The synthetic division table is:
$$ \begin{array}{c|rrrr}-3&1&0&15&12\\& & -3& 9& \color{black}{-72} \\ \hline &\color{blue}{1}&\color{blue}{-3}&\color{blue}{24}&\color{orangered}{-60} \end{array} $$The solution is:
$$ \frac{ x^{3}+15x+12 }{ x+3 } = \color{blue}{x^{2}-3x+24} \color{red}{~-~} \frac{ \color{red}{ 60 } }{ x+3 } $$Step 1 : Write down the coefficients of the dividend into division table. Put the zero from $ x + 3 = 0 $ ( $ x = \color{blue}{ -3 } $ ) at the left.
$$ \begin{array}{c|rrrr}\color{blue}{-3}&1&0&15&12\\& & & & \\ \hline &&&& \end{array} $$Step 1 : Bring down the leading coefficient to the bottom row.
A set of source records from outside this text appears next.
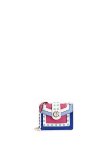 Mehrfarbige starre umhängetasche mit überschlag. goldenes cafènoir-logo auf dem überschlag. pyramidennieten und farbige kette.
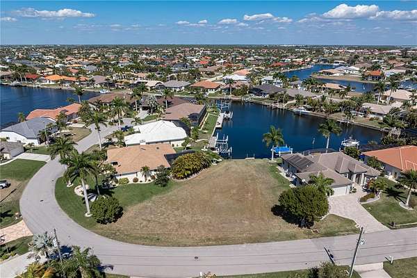 OVERSIZED SAILBOAT-ACCESS LOT ON WIDE CANAL BASIN IN BURNT STORE ISLES - Take advantage of this exceptional opportunity to build on the water in Burnt Store Isles. Tucked near the end of a quiet cul-de-sac and just moments from Twin Isles Country Club, this oversized lot delivers the space, setting, and view that elevate a custom home from ordinary to unforgettable. Positioned along a wide canal basin, the property offers an impressive long water view and outstanding maneuverability for your boat. An angled concrete dock is already in place allowing you to dock your boat before you can even park your car. Northeast rear exposure brings soft morning light across the basin and cooler afternoons on your future lanai. With 142 feet of road frontage, the generous dimensions allow flexibility in your design—ample room for a spacious footprint and possible three-car garage. The lot is ready to build, with city water and sewer available. Burnt Store Isles is a deed-restricted waterfront and golf community. OPTIONAL HOA and BSI boat club memberships foster a strong sense of community, offering regular social gatherings and events that make it easy to connect with neighbors and enjoy an active, waterfront lifestyle. Twin Isles Country Club sits in the heart of the community, offering golf, tennis, and dining just minutes from your doorstep. Burnt Store Marketplace anchors the community with Publix, Home Depot, and additional shops and restaurants—making everyday errands convenient. With quick access to US41 and I-75, you’re just minutes from historic downtown Punta Gorda, area waterfront parks, scenic walking and biking trails, and a vibrant mix of local dining, shopping, and year-round community events that include weekly farmers' markets, art fairs and musical festivals. Design the home you’ve always wanted capturing one of the best basin views in Burnt Store Isles. Start building your Florida dream today.
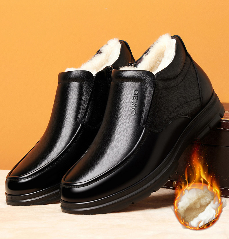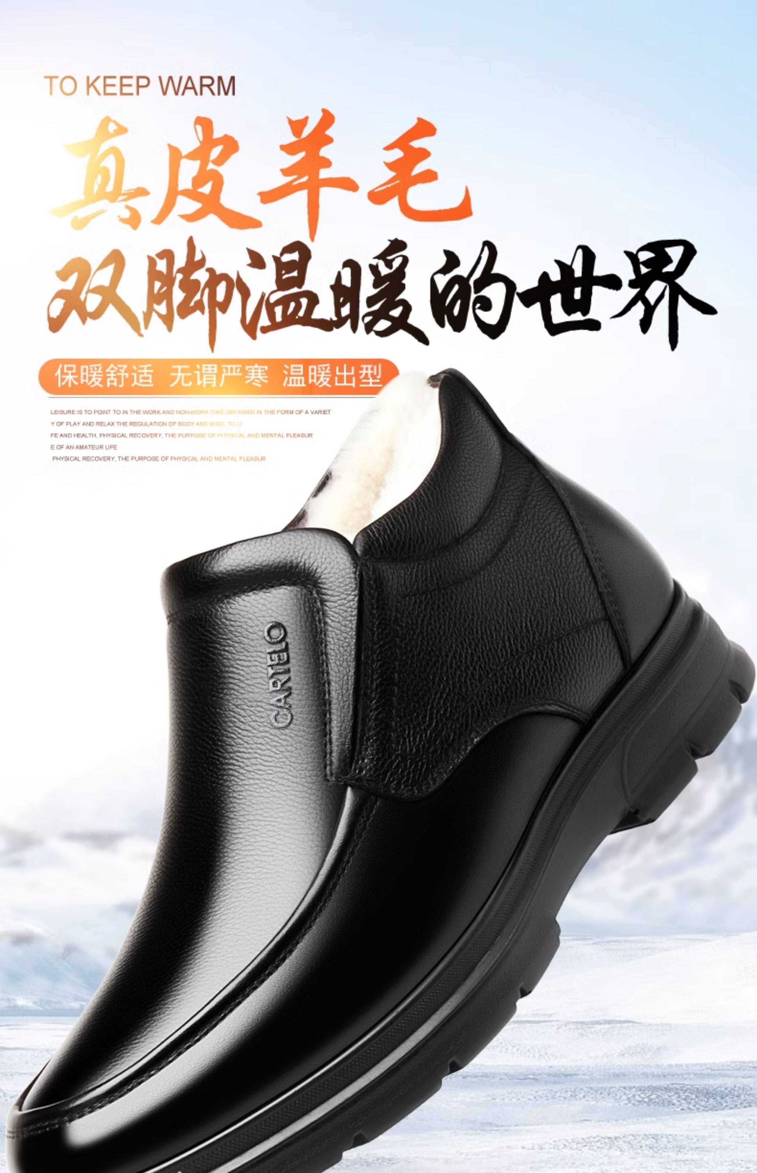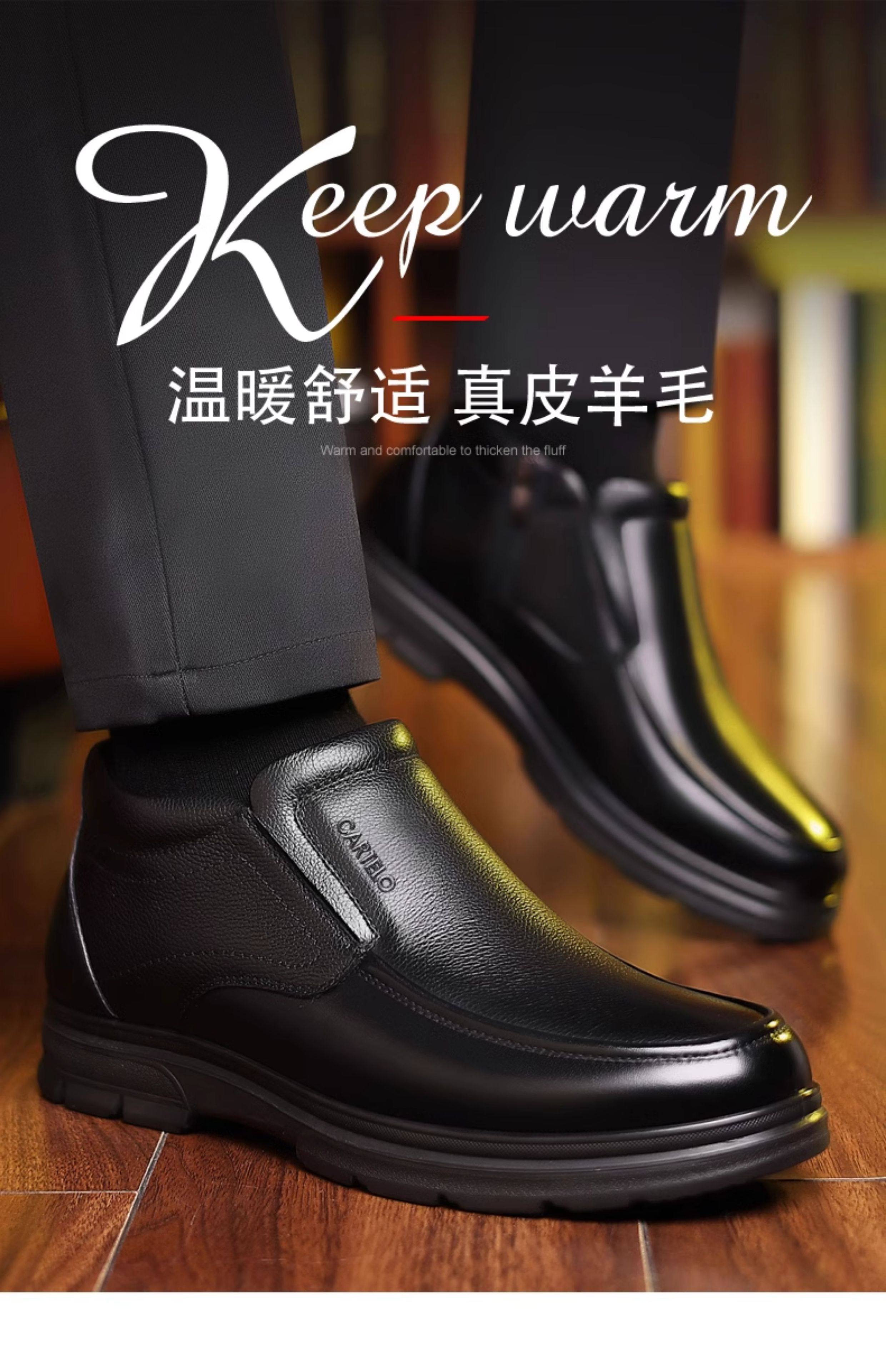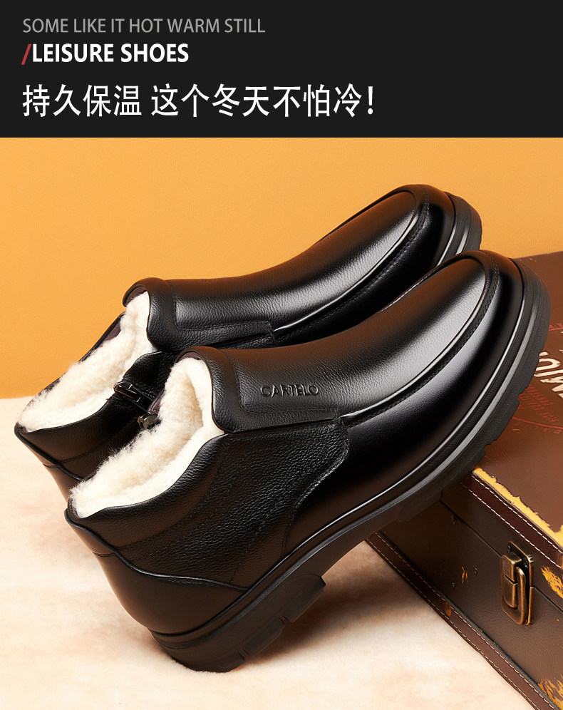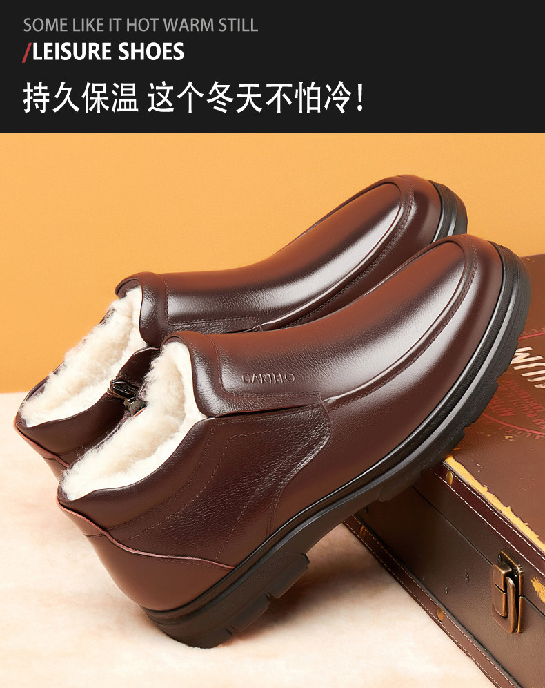 Winter Genuine Leather Wool Warm High-Top Cotton Shoes for Men, Slip-On Fleece-Lined Men's Leather Shoes, Cotton Leather Shoes for Middle-Aged and Elderly Dads

$$ \begin{array}{c|rrrr}-3&\color{orangered}{ 1 }&0&15&12\\& & & & \\ \hline &\color{orangered}{1}&&& \end{array} $$Step 2 : Multiply by the number on the left, and carry the result into the next column: $ \color{blue}{ -3 } \cdot \color{blue}{ 1 } = \color{blue}{ -3 } $.
$$ \begin{array}{c|rrrr}\color{blue}{-3}&1&0&15&12\\& & \color{blue}{-3} & & \\ \hline &\color{blue}{1}&&& \end{array} $$Step 3 : Add down last column: $ \color{orangered}{ 0 } + \color{orangered}{ \left( -3 \right) } = \color{orangered}{ -3 } $
$$ \begin{array}{c|rrrr}-3&1&\color{orangered}{ 0 }&15&12\\& & \color{orangered}{-3} & & \\ \hline &1&\color{orangered}{-3}&& \end{array} $$Step 4 : Multiply by the number on the left, and carry the result into the next column: $ \color{blue}{ -3 } \cdot \color{blue}{ \left( -3 \right) } = \color{blue}{ 9 } $.
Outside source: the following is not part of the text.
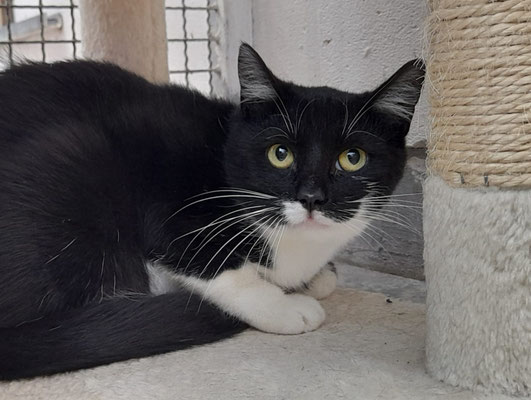 Besonderheiten: Noch scheu, braucht Zeit und Geduld; Freigang erforderlich; würde gerne mit Knolle ausziehen
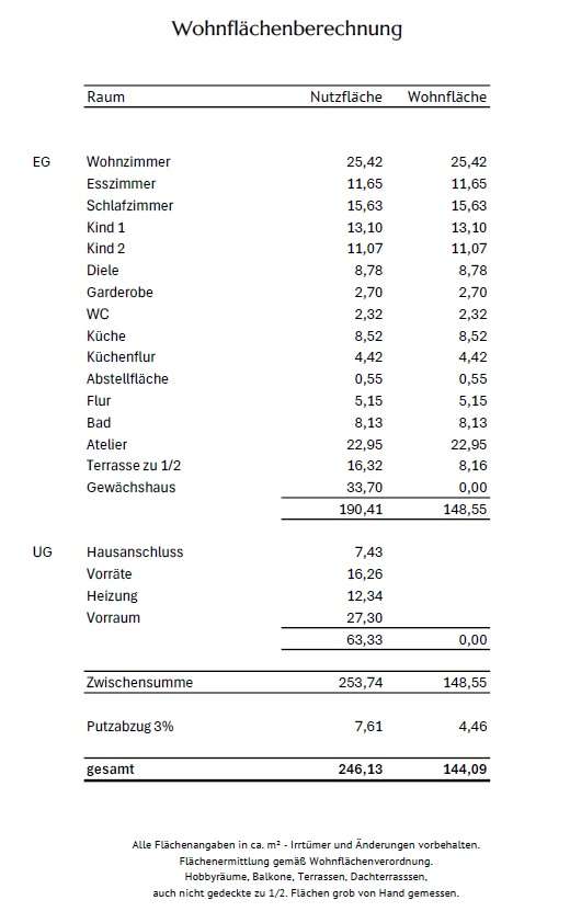 Insbesondere der Grundriss weicht eventuell in Details von der ursprünglichen Planung ab. Die Flächen wurden aus dem Grundriss lediglich grob herausgemessen. Bitte haben Sie Verständnis, das das Flächenmaß daher nur als grobe Schätzung betrachtet werden kann. Jegliche Haftung hierfür wird daher ausdrücklich ausgeschlossen. Wir empfehlen bei Zweifeln vor dem Kauf selbst ein Aufmaß vorzunehmen.

$$ \begin{array}{c|rrrr}\color{blue}{-3}&1&0&15&12\\& & -3& \color{blue}{9} & \\ \hline &1&\color{blue}{-3}&& \end{array} $$Step 5 : Add down last column: $ \color{orangered}{ 15 } + \color{orangered}{ 9 } = \color{orangered}{ 24 } $
$$ \begin{array}{c|rrrr}-3&1&0&\color{orangered}{ 15 }&12\\& & -3& \color{orangered}{9} & \\ \hline &1&-3&\color{orangered}{24}& \end{array} $$Step 6 : Multiply by the number on the left, and carry the result into the next column: $ \color{blue}{ -3 } \cdot \color{blue}{ 24 } = \color{blue}{ -72 } $.
$$ \begin{array}{c|rrrr}\color{blue}{-3}&1&0&15&12\\& & -3& 9& \color{blue}{-72} \\ \hline &1&-3&\color{blue}{24}& \end{array} $$Step 7 : Add down last column: $ \color{orangered}{ 12 } + \color{orangered}{ \left( -72 \right) } = \color{orangered}{ -60 } $
$$ \begin{array}{c|rrrr}-3&1&0&15&\color{orangered}{ 12 }\\& & -3& 9& \color{orangered}{-72} \\ \hline &\color{blue}{1}&\color{blue}{-3}&\color{blue}{24}&\color{orangered}{-60} \end{array} $$Bottom line represents the quotient $ \color{blue}{ x^{2}-3x+24 } $ with a remainder of $ \color{red}{ -60 } $.